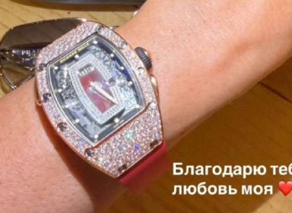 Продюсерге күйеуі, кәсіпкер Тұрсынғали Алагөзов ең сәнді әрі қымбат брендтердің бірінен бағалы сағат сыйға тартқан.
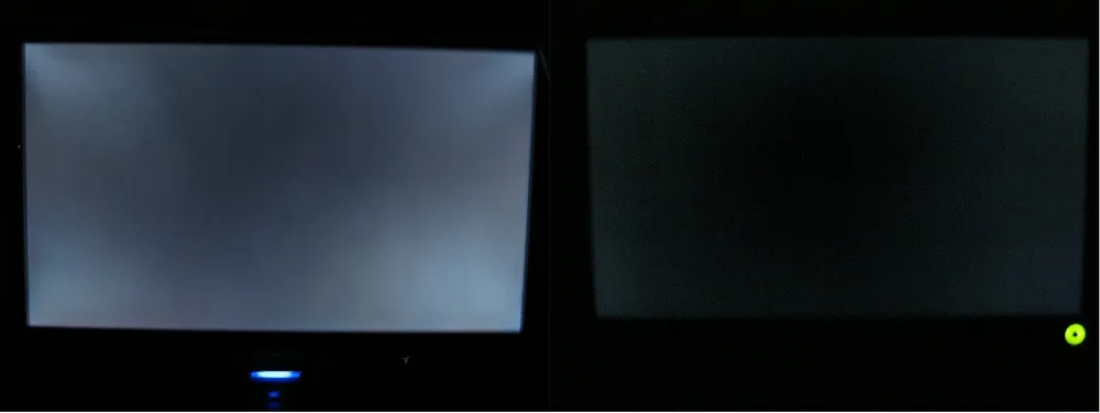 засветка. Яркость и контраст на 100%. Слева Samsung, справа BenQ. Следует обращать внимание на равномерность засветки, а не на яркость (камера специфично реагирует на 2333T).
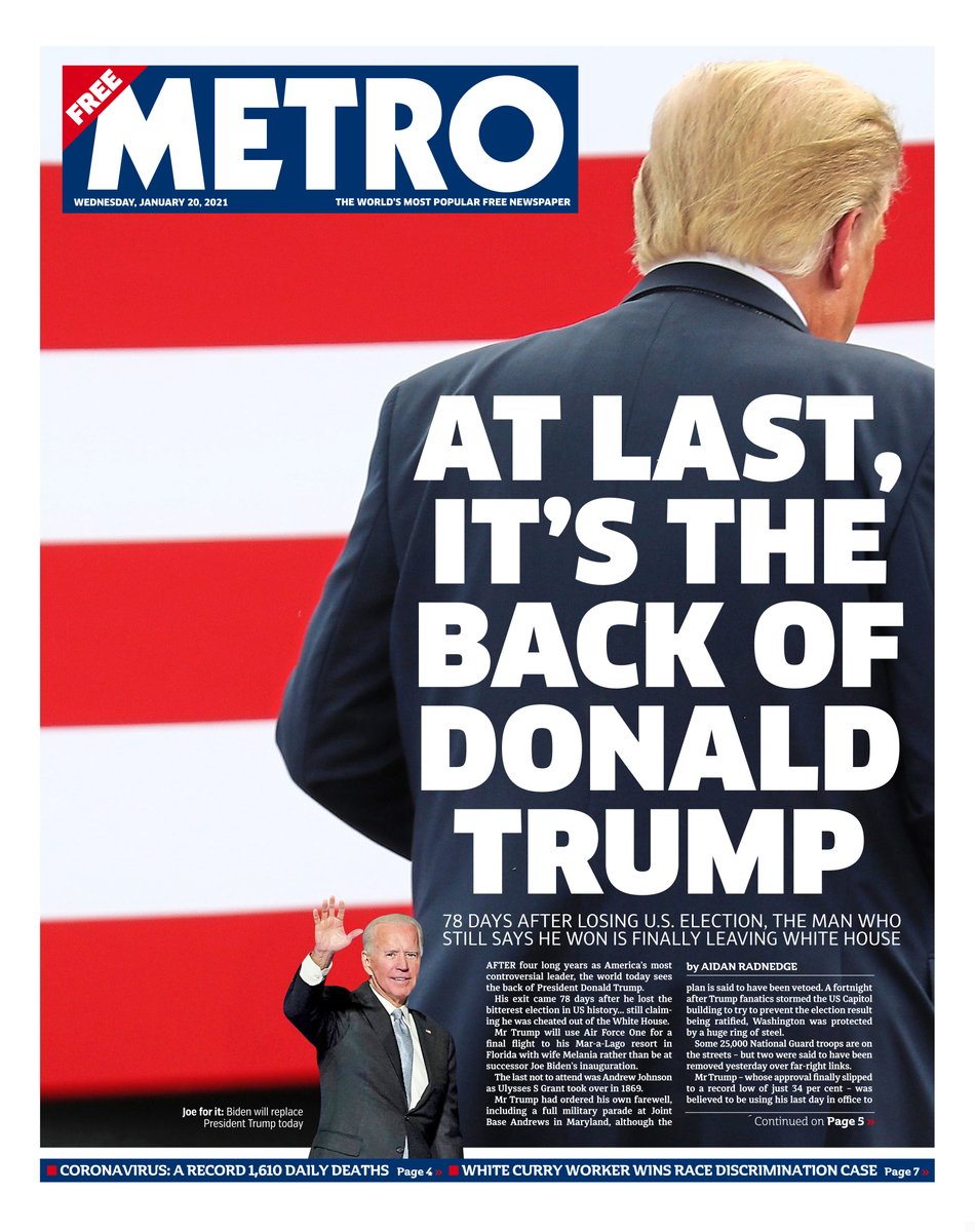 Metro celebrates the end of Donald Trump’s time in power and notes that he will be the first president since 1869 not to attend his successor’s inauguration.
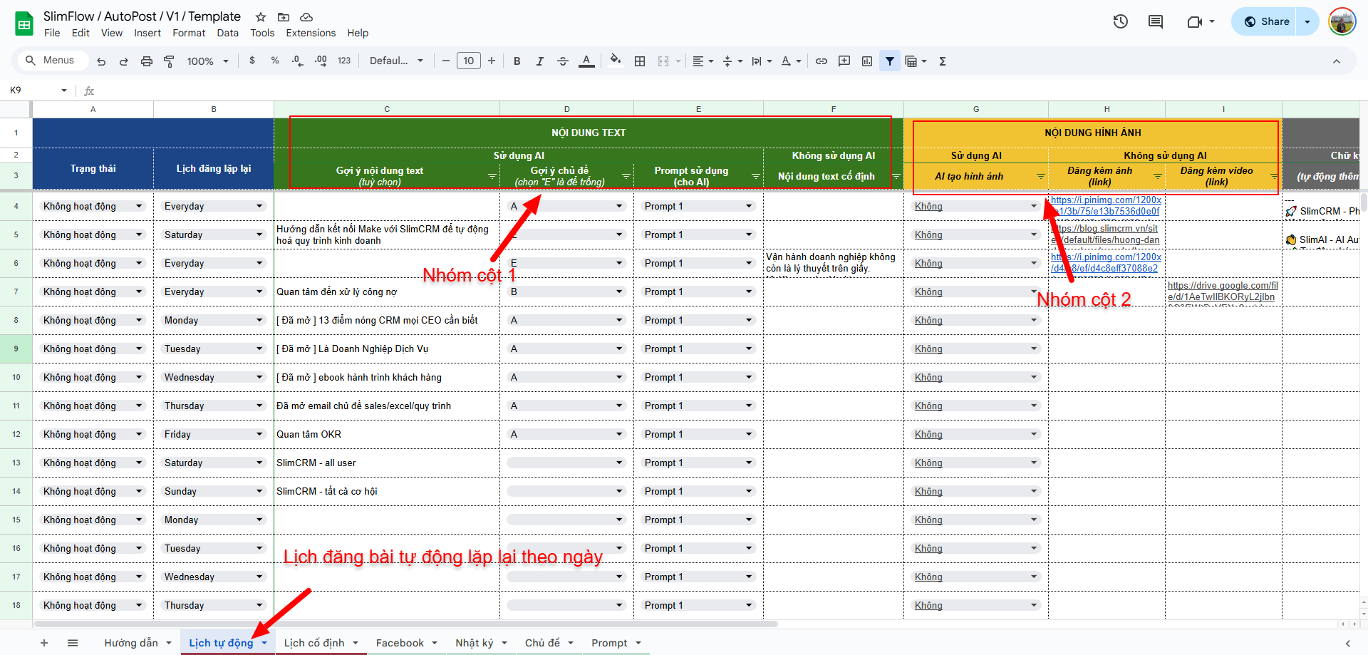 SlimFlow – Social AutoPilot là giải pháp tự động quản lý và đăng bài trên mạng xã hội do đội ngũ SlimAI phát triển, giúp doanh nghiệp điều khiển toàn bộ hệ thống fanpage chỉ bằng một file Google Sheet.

####################

= Task directions =
When you copy the listing, keep every line exactly as it is but leave out all images.

= Response box =
 Продюсерге күйеуі, кәсіпкер Тұрсынғали Алагөзов ең сәнді әрі қымбат брендтердің бірінен бағалы сағат сыйға тартқан.
 засветка. Яркость и контраст на 100%. Слева Samsung, справа BenQ. Следует обращать внимание на равномерность засветки, а не на яркость (камера специфично реагирует на 2333T).
 Metro celebrates the end of Donald Trump’s time in power and notes that he will be the first president since 1869 not to attend his successor’s inauguration.
 SlimFlow – Social AutoPilot là giải pháp tự động quản lý và đăng bài trên mạng xã hội do đội ngũ SlimAI phát triển, giúp doanh nghiệp điều khiển toàn bộ hệ thống fanpage chỉ bằng một file Google Sheet.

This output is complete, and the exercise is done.